Iraq left to care for ISIS fighters' children

By Alaa Hussein in Baghdad

Iraqi forces discovered this Chechen girl in Mosul during the operation to oust the 'Islamic State of Iraq and Syria' from the city. [Photo courtesy of the Iraqi War Media Cell]

Iraqi forces discovered this Chechen girl in Mosul during the operation to oust the 'Islamic State of Iraq and Syria' from the city. [Photo courtesy of the Iraqi War Media Cell]

After Iraqi forces ousted the "Islamic State of Iraq and Syria" (ISIS) from Mosul, the human tragedy was laid to bare for all to see, with abandoned or orphaned children of the group's foreign fighters left to fend for themselves.

Iraqi forces have found around 12 foreign children roaming the city's streets alone so far, most of whom appear to be of Asian parentage and know nothing about the fate of their parents, an Iraqi official said.

The discovery of these children, most of whom do not speak Arabic, has presented an unprecedented challenge for the Iraqi government.

The Ministry of Labour and Social Affairs has transported the children to orphanages in Baghdad until they can be repatriated to their countries of origin and handed over to their relatives, once they have been properly identified.

The children are of different nationalities and include Chechens, Afghans, Tajiks and Chinese, ministry spokesman Ammar Munim told Diyaruna.

Based on a court order from the Juvenile Court in Iraq, the government has taken these children into its protection and will house them in orphanages until they are identified and handed over to their countries of origin, he said.

Identifying ISIS children

"Several children were identified by chance during a television report on the situation in Iraq that was aired on a foreign channel," Munim said.

The relatives of a Chechen child who had gone missing recognised him from the TV footage, he said, which prompted the government of Chechnya to formally request his repatriation and that of others in a similar situation.

Minister of Labour and Social Affairs Mohammed Shaya al-Soudani has made it clear that these children are considered to be victims of their terrorist families.

Talks between the two countries have already led to the handover of five Chechen children who had been placed in Iraqi orphanages to their government after they were identified by their relatives, an effort that was being co-ordinated by the Iraq Crisis Cell.

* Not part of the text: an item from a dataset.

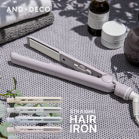 【1年保証】 ヘアアイロン ストレート ストレートアイロン マイナスイオン 瞬間50秒 海外対応 プロ仕様230℃ 専用ポーチ付 ヘアーアイロン AND・DECO アンドデコ 【ライラックグレー】 小型商品(ヤマト)

The ministry is working with UNICEF and the International Committee of the Red Cross (ICRC) to care for the foreign children who were found in Mosul, said Abeer Chalabi, head of the ministry's Women and Child Welfare Authority.

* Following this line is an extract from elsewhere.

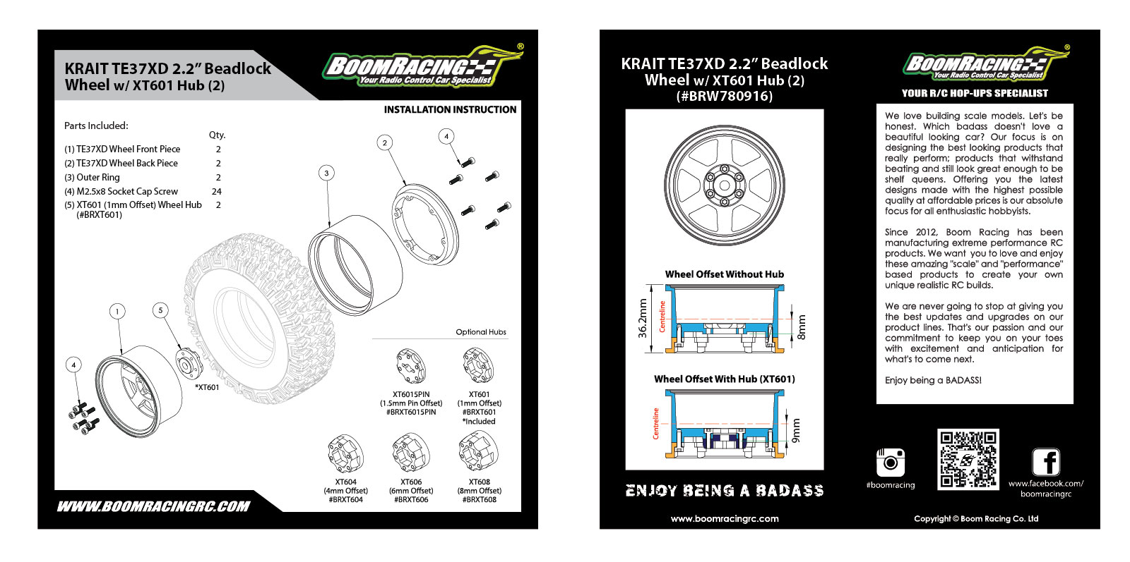 - Factory description: Boom Racing TE37XD KRAIT™ 2.2 Deep Dish Aluminum Beadlock Wheels w/ XT601 Hubs (2)

"The authority has been providing these children with first aid and care to help them deal with the trauma that has befallen them, before they are placed in government shelters for children," she told Diyaruna.

The ministry is working on handing over identified children to their families and countries, she said, adding that children who have no official identity documents will be considered to be of unknown kinship under Iraqi law.

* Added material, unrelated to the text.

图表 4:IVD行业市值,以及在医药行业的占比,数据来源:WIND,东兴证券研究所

"Legal procedures in such cases require showing their faces on mass media and official circulars and then waiting for a year," she explained. If no one can identify them within this period, they are issued new identity documents by the ministry.

An international crisis

"The ISIS children found in Mosul are only a small part of the problem," Iraqi sociologist Mohammed Abdul Hassan told Diyaruna, noting that the broader issue is that children are being born to terrorists everywhere.

Reflecting on the fate of these children, he wondered: "Should they be taken in by the Iraqi government and looked after in orphanages so they can be rehabilitated and made into Iraqi citizens, or should they be returned to their countries of origin and risk becoming ticking time bombs?"

This is an issue that requires an informed societal outlook and a responsible government approach, he said, adding that Iraq must engage UN help to find a reasonable solution that takes into consideration the humanitarian angle.

"A child who is born to terrorist parents, under these circumstances, will undoubtedly have a bleak future," Abdul Hassan said.

If human rights and the accepted child-rearing practices are not adhered to, that child may grow up to become a future terrorist, he said.

Abdul Hassan called for a solution that takes into account the root cause of the problem, "so that we are not shocked to see children as casualties on battle grounds".

He saw a role for UN agencies in crafting educational resources worldwide that will quell the influence of extremist ideologies and promote moderation.

According to his assessment of the situation, Iraq is properly qualified to undertake the task of putting in place rehabilitation programmes for children in collaboration with civil society organisations.